Why not use systems biology packages?

There are packages available to streamline systems biology calculations, such as PySB or Matlab’s SymBiology. While these packages are useful, we find that many applications in systems biology, and in genetic circuits in particular, need, or at least benefit from, bespoke computational analyses. We therefore will build all of our code from scratch, using only packages like NumPy, SciPy, and Bokeh, which contain core numerical and plotting data structures and routines. Of course, code we use in one chapter may be reused in another, but our approach is that we build all of the code we need as we go along. This will provide a greater level of mastery and less reliance on black boxes (though there will inevitably be some).

The biocircuits package

For some of those black boxes, we will use the biocircuits package, which is written to be used with this book. The functions contained therein are presented before being abstracted away into the package. Thus, anything that is in the package is introduced in the main text and you should have a full understanding of how it works.

The documentation for this package appears at the end of this book.

What to do if you are new to Python

As you proceed through the chapters, we assume that you have a basic introduction to computer programming and the Python programming language. We assume further that you have a working knowledge of NumPy. If this is new to you, you can work through Appendix B to get up to speed. In fact, for some of the programming techniques we learn, such as making interactive plots, we will refer to Appendix B.

Jupyter notebooks

This book is constructed from Jupyter notebooks. To quote Jupyter’s documentation,

Jupyter Notebook and its flexible interface extends the notebook beyond code to visualization, multimedia, collaboration, and more. In addition to running your code, it stores code and output, together with markdown notes, in an editable document called a notebook.

This allows for executable documents that have code, but also richly formatted text and graphics, enabling the reader to interact with the material as they read it.

While you read this book, you can read the HTML-rendered version of the notebook. While many of the graphics are interactive, this version is not executable. To execute (and even edit) code in the notebooks, you will need to run them. There are many options available to run Jupyter notebooks. Here are a few we have found useful.

  • JupyterLab: This is a browser-based interface to Jupyter notebooks and more (including a terminal application, text editor, file manager, etc.). As of March 2023, Chrome, Firefox, and Safari are supported. Microsoft Edge is not. Therefore, if you are a Windows user, you need to be sure you have either Chrome of Firefox installed. Because we encourage users to run code on their own machine (and because nearly every computer has a browser application), we expect most of our readers to use JupyterLab. We give instructions below on how to do the necessary installations and launch JupyterLab.

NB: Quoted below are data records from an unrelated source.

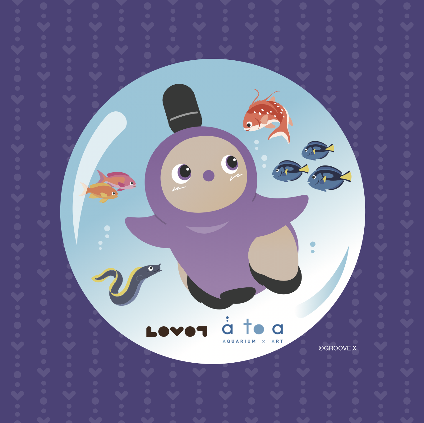 アトアの人気展示エリア「PLANETS」の幻想的な世界観をモチーフに、水中を漂うように泳ぐLOVOTの姿を描いた、可愛らしさと神秘性を兼ね備えた限定デザインとなっています。光に包まれた空間を自由に漂うLOVOTの様子は、本イベントならではの特別な思い出を形にした記念アイテムです。
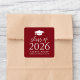 Seal your envelopes and graduation favor bags with these modern graduation stickers! The stickers feature a white graduation cap at the top of the design with "Class of 2026" displayed in bold lettering on a burgundy background. Personalize the burgundy graduation sticker with the graduate's name, school, and graduation year. This design is perfect to use for high school or college graduations.
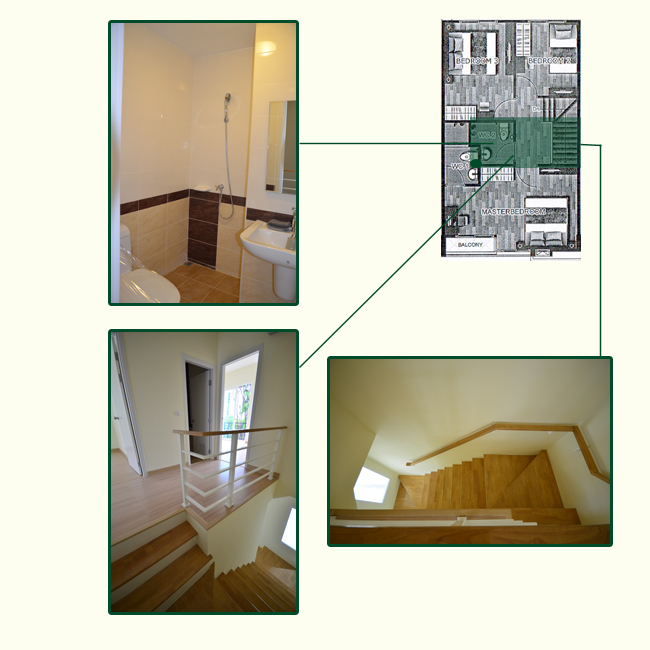 โถงบันไดทางขึ้นมาชั้น 2 ส่วนนี้มีช่องเพดานสูงสุดที่ 7.20 เมตร ออกแบบให้ดูโปร่ง โล่ง ลมระบายได้ดี ตัวโครงสร้างบันไดเป็นคอนกรีตเสริมเหล็ก ส่วนพื้นสัมผัสและราวบันไดเลือกใช้ไม้ประสานอัดด้วยน้ำยา เมื่อขึ้นมาข้างบนจะเจอกับห้องน้ำที่ชั้น 2 ซึ่่งบ้านทั้งสองแบบของกัสโต้จะตกแต่งด้วยวัสดุ และใช้สุขภัณฑ์ในห้องน้ำแบบเดียวกัน แตกต่างกันตรงที่ขนาดและฟังก์ชั่นการใช้งานของประตู โดยห้องน้ำชั้น 2 ของบ้าน TYPE A จะมีขนาดกว้างกว่า และมีประตูเข้า-ออกสองบานโดยบานนึงใช้เปิดเข้า-ออกจากข้างนอก ส่วนอีกบานนึงเชื่อมต่อกับห้องนอน Master Bedroom ในส่วนพื้นบ้านชั้นบนปูลามิเนตหนา 8 มิล โดยข้างใต้ปูแผ่นโฟมหนา 3 มิลให้อีกชั้นเพื่อช่วยกันความชื้นจากโครงสร้าง และเลือกใช้บัว PVC ที่มีคุณสมบัติไม่กลัวน้ำ ช่วยป้องกันความชื้นจากภายนอกอีกแรง
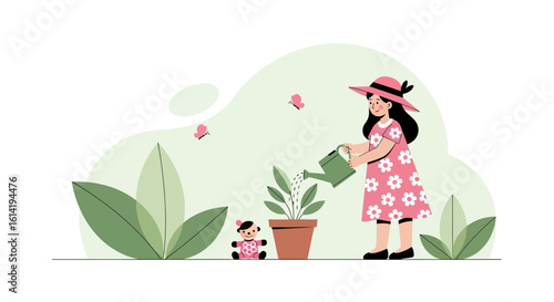 garden, girl, plant, pot, watering, can, leaf, flower, nature, care, butterfly, childhood, summer, drawing, spring, vector, growing, person, female, illustration, cute, happy, adorable, children, season, botany, teddy, bear, toy, flora, gardener, hobby, outdoors, backyard, lifestyle, design, botanical, environment, children, youth
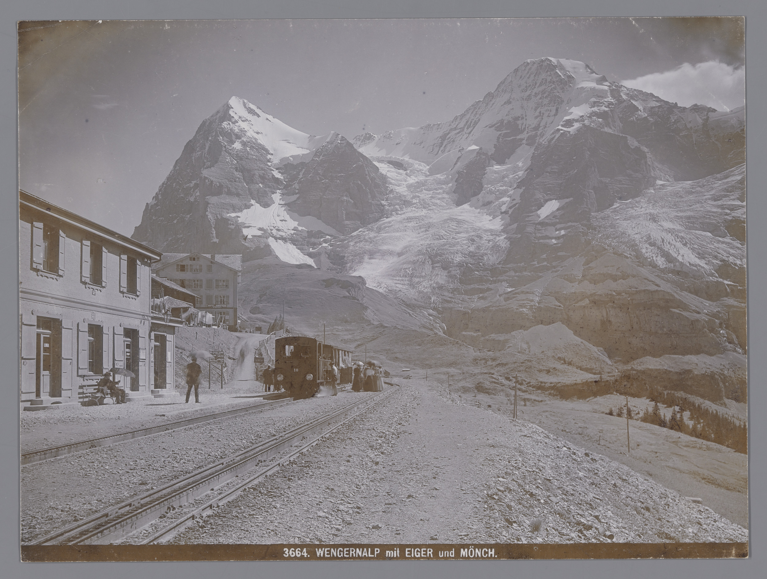 Gezicht op een spoorbaan in Wengen aan de voet van d...
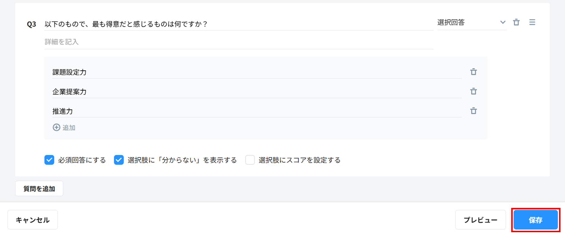 「選択肢」の記入、「必須回答にする」「選択肢に「分からない」を表示する」「選択肢にスコアを設定する」を設定します。
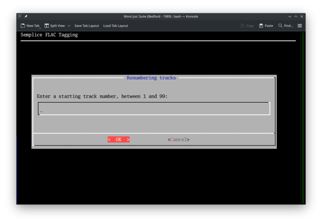 You are asked to type in a starting number: Semplice will increment it as many times as needed to get to the end of the FLACs in the working folder, and in each case (a) write the new number into the TRACK NUMBER tag; and (b) rename the physical file so that its name also reflects its new track number. If you leave the field blank and just click [OK] (or press [Enter]) without having entered a number where prompted, the number '1' is assumed. But you can explicitly type '1', as well. Or you can type any other number you like. Here's the situation before I press [OK] here:

  • VSCode: This is an excellent source code editor that supports Jupyter notebooks. Be sure to read the documentation on how to use Jupyter notebooks in VSCode.

  • Google Colab: Google offers this service to run notebooks in the cloud on their machines. As of March 2023, users can run on two core machines for free. There are a few caveats, though. First, not all packages and updates are available in Colab. Furthermore, not all interactivity that will work natively in Jupyter notebooks works with Colab. Finally, if a notebook sits idle for too long, you will be disconnected from Colab. All of the notebooks in the HTML rendering of this book have an “Open in Colab” button at the upper right that allows you to launch the notebook in Colab. This is a quick-and-easy way to execute the book’s contents.

Installing a Python distribution

Prior to embarking on your journey into biological circuits, you need to have a functioning Python distribution installed on your computer. There are two main ways people set up Python for scientific computing.

  1. By downloading and installing package by package with tools like pip.

  2. By downloading and installing a Python distribution that contains binaries of many of the scientific packages needed. Anaconda is the dominant distribution for scientific and data science computing.

We will use Anaconda, with its associated package manager, conda.

Downloading and installing Anaconda

If you already have Anaconda installed on your computer, you can skip to the next section to install node.js.

Downloading and installing Anaconda is simple.

  1. Go to the Anaconda homepage and download the graphical installer. Be sure to use the most up-to-date version of Python.

  2. Install Anaconda using the graphical installer.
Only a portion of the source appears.